With these early positive results, Opus is planning to advance the program with another cohort of patients at the next highest dose. Yerxa said dosing for this cohort could begin in mid-summer.
Opus also plans to talk with the U.S. Food and Drug Administration to expand the study population to include subjects 13 years or older. Currently, the trial is only for adults. Reaching patients earlier in their lives could lead to even better results, Yerxa said.
But moving this program forward, plus advancing the rest of the company's pipeline, requires more capital, Yerxa said. Opus is speaking with investors with the goal of raising financing that would support the company through 2025.
Yerxa did not cite a specific dollar amount for the round, but said that timeline would get the company's lead program, OPGx-LCA5, through the remaining Phase 1/2 study and ready for a pivotal trial that could lead to a regulatory filing with the FDA.
The funding would also support early-stage clinical trials for the company's second program — which is nearly ready to move into the clinic. And the funding would enable Opus to prepare a third program for clinical studies. Both of these programs, like the rest of the company's pipeline, focus on inherited retinal diseases.
Opus raised about $4.5 million last year. This funding round followed Opus raising $19 million in seed funding prior to its launch in 2021. The Retinal Degeneration Fund, the venture arm of the Foundation Fighting Blindness, led the initial round with a $10 million investment.
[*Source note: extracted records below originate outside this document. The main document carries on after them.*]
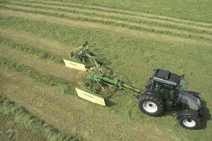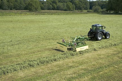 | Double-windrow presentation: Raking up two separate windrows in up and down operation, Swadro TS delivers a maximum work width of up to 15 m (49'3"). Double windrowing is a very effective method to fully exploit the intake capacities of powerful harvest machines. |
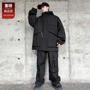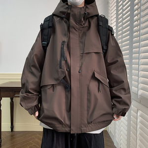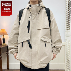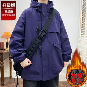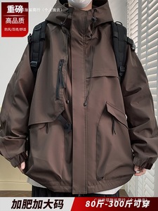 冲锋衣男款秋季美式潮宽松男士外套夹克胖子加肥加大码300斤男装
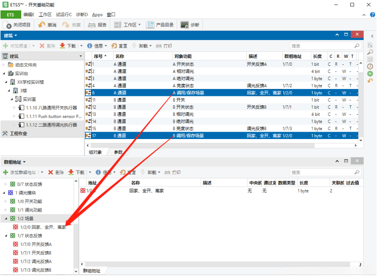 3.对应的组地址 选中2路调光模块与8键智能按键面板通讯对象,将它拖到与之对应的群组地址中去
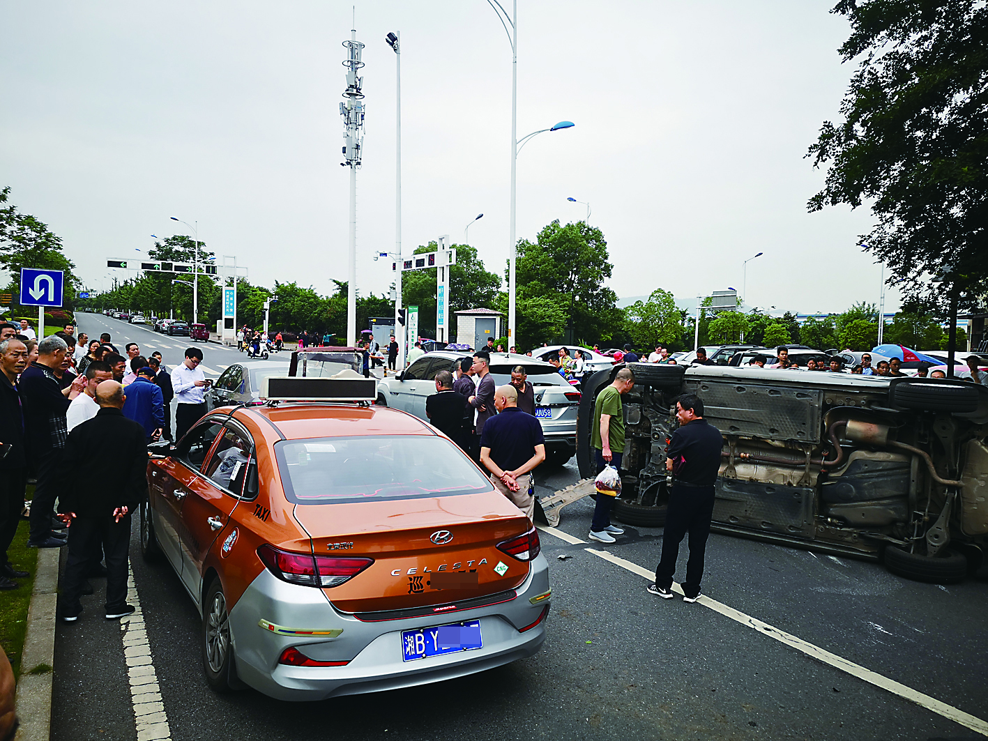 ▲车祸现场有一辆车侧翻。 记者 成姣兰 摄

The past two years have marked a difficult time for financing for small biotech and pharmaceutical companies. But there are signs the environment is beginning to improve with an increase in deal activities, including mergers and acquisitions and IPOs. Yerxa described the situation as a "very slow thaw" that is incrementally improving every month. Opus is also applying for grants and sources of non-dilutive funding.
These early positive positive clinical trial results should help the company in its conversations with investors as it tries to tackle causes of blindness through its development of gene therapy treatments that target inherited retinal diseases.
"It gives us confidence that this first program has been significantly de-risked in terms of moving it forward all the way," Yerxa said.